CogSENet:受鹰视觉启发的盲图像去模糊框架
阅读原文· arxiv.orgCogSENet是一种受鹰视觉启发的动态语义对齐重建框架,用于盲图像去模糊。核心模块包括:语义驱动状态空间模块(SDSSM),通过可微分路由实现语义感知的token重组与提示条件长程依赖建模;双频融合块(BFFB),用小波变换分解高低频特征,模拟鹰视网膜功能分化;连续模糊场(CBF),从模糊图像估计算法融合CLIP语义先验,调制深层潜特征以适应空间非均匀模糊。实验表明,CogSENet以更少参数在视觉质量和结构保真度上超越现有去模糊方法,并在去雾、去雨、去噪任务上表现良好。

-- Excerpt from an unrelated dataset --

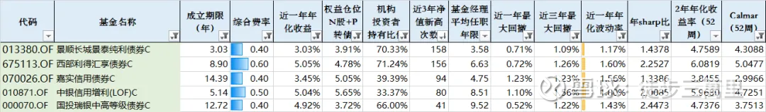 首先,基础筛选:根据iFind的基金三季报数据,共录得固收+基金3654只,排除掉成立不足3年的、规模小于5亿的、机构持仓占比不足25%且不高于85%的、近一年卡玛比率小于2的、夏普比例小于1的、剔除费率超过0.8%的、权益仓位占比低于10%,还剩131只。

Blind image deblurring demands the recovery of high-fidelity details and coherent structures from complex, unknown degradations. Current blind image deblurring methods struggle with real-world, spatially varying degradations, and lack the semantic awareness necessary to reliably differentiate valid textures from artifacts. To bridge this gap, we propose CogSENet, a dynamic, semantic-aligned reconstruction framework inspired by the eagle's visual system. By mimicking the eagle's active saccadic scanning, we devise a Semantic-Driven State Space Module (SDSSM) with semantic-aware token regrouping via differentiable routing, enabling prompt-conditioned long-range dependency modeling. To ensure physically interpretable recovery of textures and structures, a BiFreqFusionBlock (BFFB) mirrors functional differentiation of the eagle's retina by decomposing features into high and low frequencies using wavelet transforms. Finally, we estimate a continuous Blur Field (CBF) from blur image and fuse it with CLIP semantic priors to modulate the deepest latent features, emulating focal adaptation and enabling adaptive restoration under spatially non-uniform blur. Extensive experiments demonstrate that CogSENetoutperforms state-of-the-art deblurring methods in both visual quality and structural fidelity with fewer parameters, while also performing favorably on dehazing, deraining, and denoising tasks.